## Information provided

┄┄┄┄┄┄┄┄┄┄┄┄┄┄┄┄┄┄┄┄

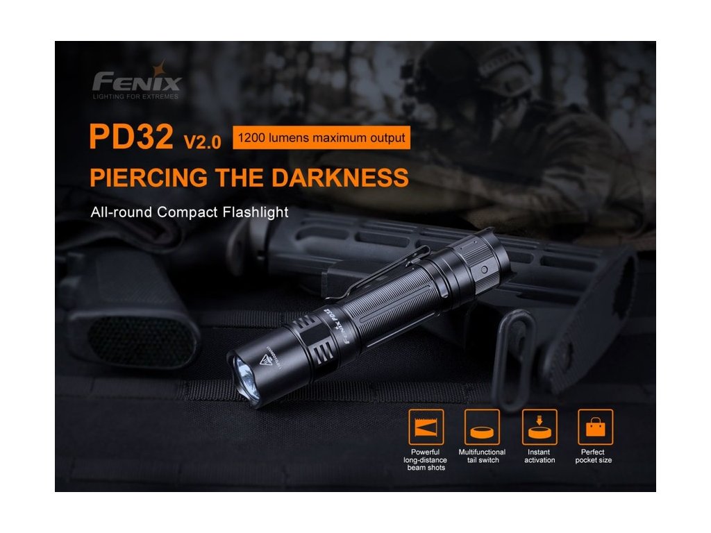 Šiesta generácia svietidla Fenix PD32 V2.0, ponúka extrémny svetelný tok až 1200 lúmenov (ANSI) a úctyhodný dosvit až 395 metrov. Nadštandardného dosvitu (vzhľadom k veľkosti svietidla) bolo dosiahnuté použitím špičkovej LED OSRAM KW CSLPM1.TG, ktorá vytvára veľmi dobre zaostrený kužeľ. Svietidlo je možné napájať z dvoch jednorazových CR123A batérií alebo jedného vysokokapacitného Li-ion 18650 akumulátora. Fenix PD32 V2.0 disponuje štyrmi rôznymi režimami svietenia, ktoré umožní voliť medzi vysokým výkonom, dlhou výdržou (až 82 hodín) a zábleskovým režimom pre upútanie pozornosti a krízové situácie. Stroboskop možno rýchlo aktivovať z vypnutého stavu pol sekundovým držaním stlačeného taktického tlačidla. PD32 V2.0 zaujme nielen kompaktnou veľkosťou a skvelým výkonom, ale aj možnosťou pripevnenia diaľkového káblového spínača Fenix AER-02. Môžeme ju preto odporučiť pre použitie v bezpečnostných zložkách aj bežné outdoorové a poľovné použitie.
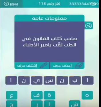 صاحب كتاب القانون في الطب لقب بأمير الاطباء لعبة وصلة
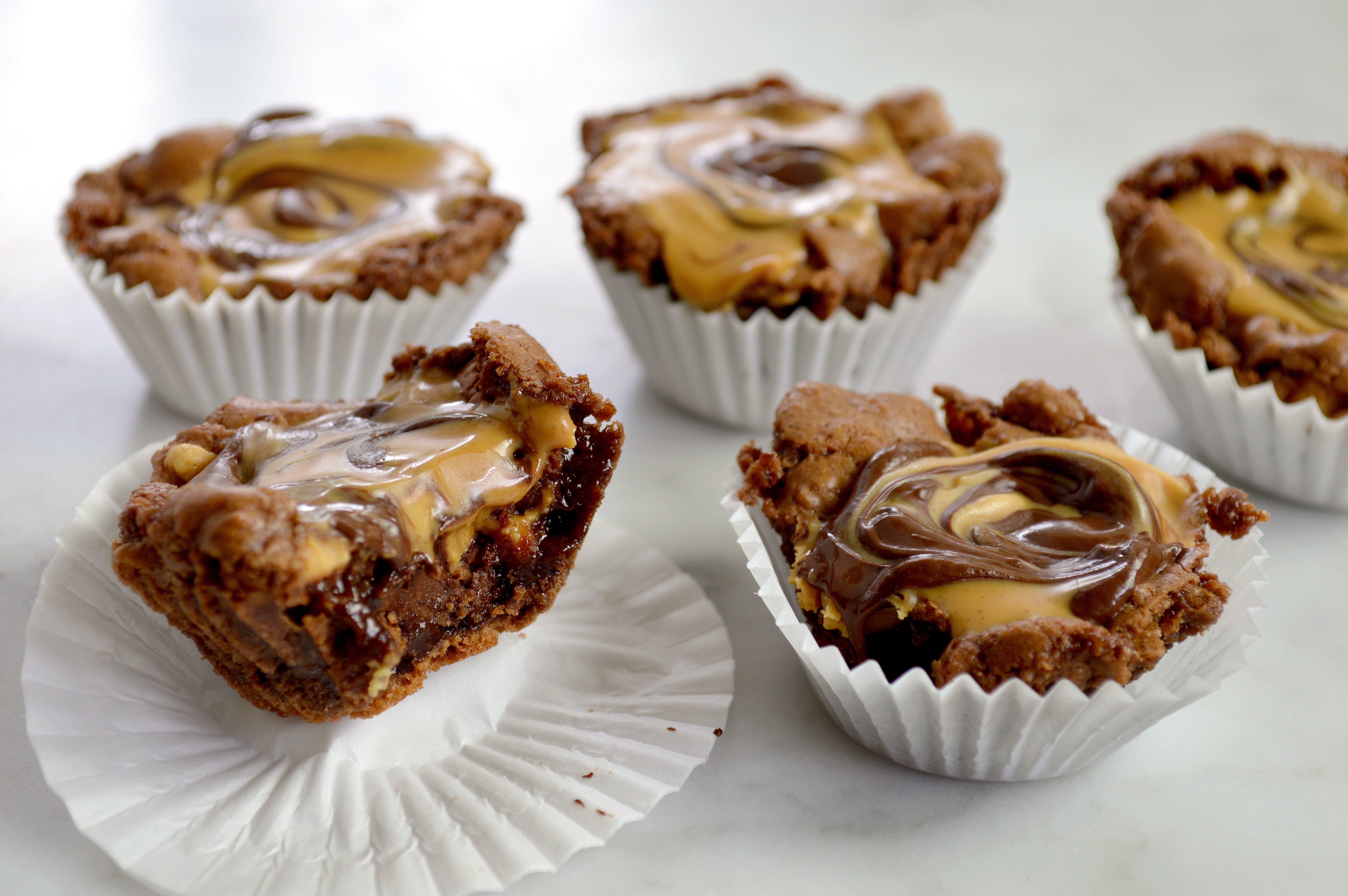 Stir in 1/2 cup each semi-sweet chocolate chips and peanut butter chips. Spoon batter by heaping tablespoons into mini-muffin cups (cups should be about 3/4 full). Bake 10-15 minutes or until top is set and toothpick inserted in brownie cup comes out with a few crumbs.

┄┄┄┄┄┄┄┄┄┄┄┄┄┄┄┄┄┄┄┄

## Exercise
Repeat the full listing above exactly, with no pictures in the copy.

## Response box
 Šiesta generácia svietidla Fenix PD32 V2.0, ponúka extrémny svetelný tok až 1200 lúmenov (ANSI) a úctyhodný dosvit až 395 metrov. Nadštandardného dosvitu (vzhľadom k veľkosti svietidla) bolo dosiahnuté použitím špičkovej LED OSRAM KW CSLPM1.TG, ktorá vytvára veľmi dobre zaostrený kužeľ. Svietidlo je možné napájať z dvoch jednorazových CR123A batérií alebo jedného vysokokapacitného Li-ion 18650 akumulátora. Fenix PD32 V2.0 disponuje štyrmi rôznymi režimami svietenia, ktoré umožní voliť medzi vysokým výkonom, dlhou výdržou (až 82 hodín) a zábleskovým režimom pre upútanie pozornosti a krízové situácie. Stroboskop možno rýchlo aktivovať z vypnutého stavu pol sekundovým držaním stlačeného taktického tlačidla. PD32 V2.0 zaujme nielen kompaktnou veľkosťou a skvelým výkonom, ale aj možnosťou pripevnenia diaľkového káblového spínača Fenix AER-02. Môžeme ju preto odporučiť pre použitie v bezpečnostných zložkách aj bežné outdoorové a poľovné použitie.
 صاحب كتاب القانون في الطب لقب بأمير الاطباء لعبة وصلة
 Stir in 1/2 cup each semi-sweet chocolate chips and peanut butter chips. Spoon batter by heaping tablespoons into mini-muffin cups (cups should be about 3/4 full). Bake 10-15 minutes or until top is set and toothpick inserted in brownie cup comes out with a few crumbs.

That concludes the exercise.